## Requirement
Keep the wording of each record exactly the same when you repeat it, and leave out pictures.

## Information given

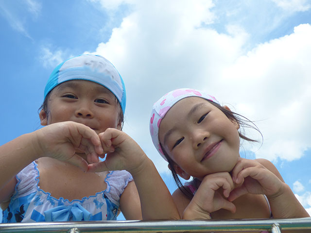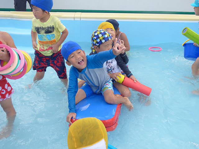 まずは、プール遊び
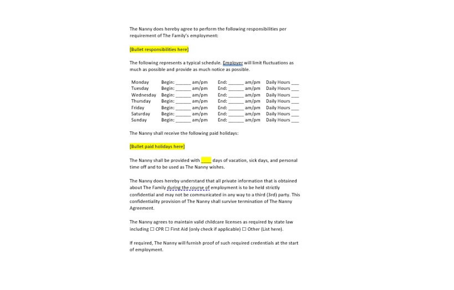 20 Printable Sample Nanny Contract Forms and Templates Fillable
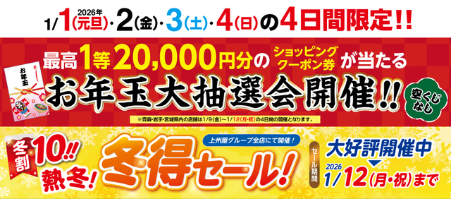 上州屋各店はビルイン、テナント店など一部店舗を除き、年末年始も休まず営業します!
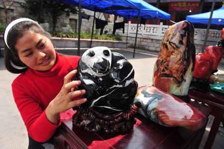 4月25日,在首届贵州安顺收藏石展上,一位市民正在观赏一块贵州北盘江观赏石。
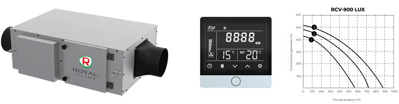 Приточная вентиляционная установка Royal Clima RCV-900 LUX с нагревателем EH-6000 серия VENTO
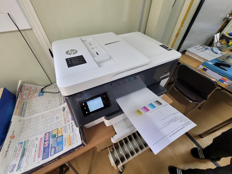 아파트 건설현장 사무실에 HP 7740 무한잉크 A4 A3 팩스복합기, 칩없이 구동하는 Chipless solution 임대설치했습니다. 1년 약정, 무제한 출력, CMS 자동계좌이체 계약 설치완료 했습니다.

## Exercise response
 まずは、プール遊び
 20 Printable Sample Nanny Contract Forms and Templates Fillable
 上州屋各店はビルイン、テナント店など一部店舗を除き、年末年始も休まず営業します!
 4月25日,在首届贵州安顺收藏石展上,一位市民正在观赏一块贵州北盘江观赏石。
 Приточная вентиляционная установка Royal Clima RCV-900 LUX с нагревателем EH-6000 серия VENTO
 아파트 건설현장 사무실에 HP 7740 무한잉크 A4 A3 팩스복합기, 칩없이 구동하는 Chipless solution 임대설치했습니다. 1년 약정, 무제한 출력, CMS 자동계좌이체 계약 설치완료 했습니다.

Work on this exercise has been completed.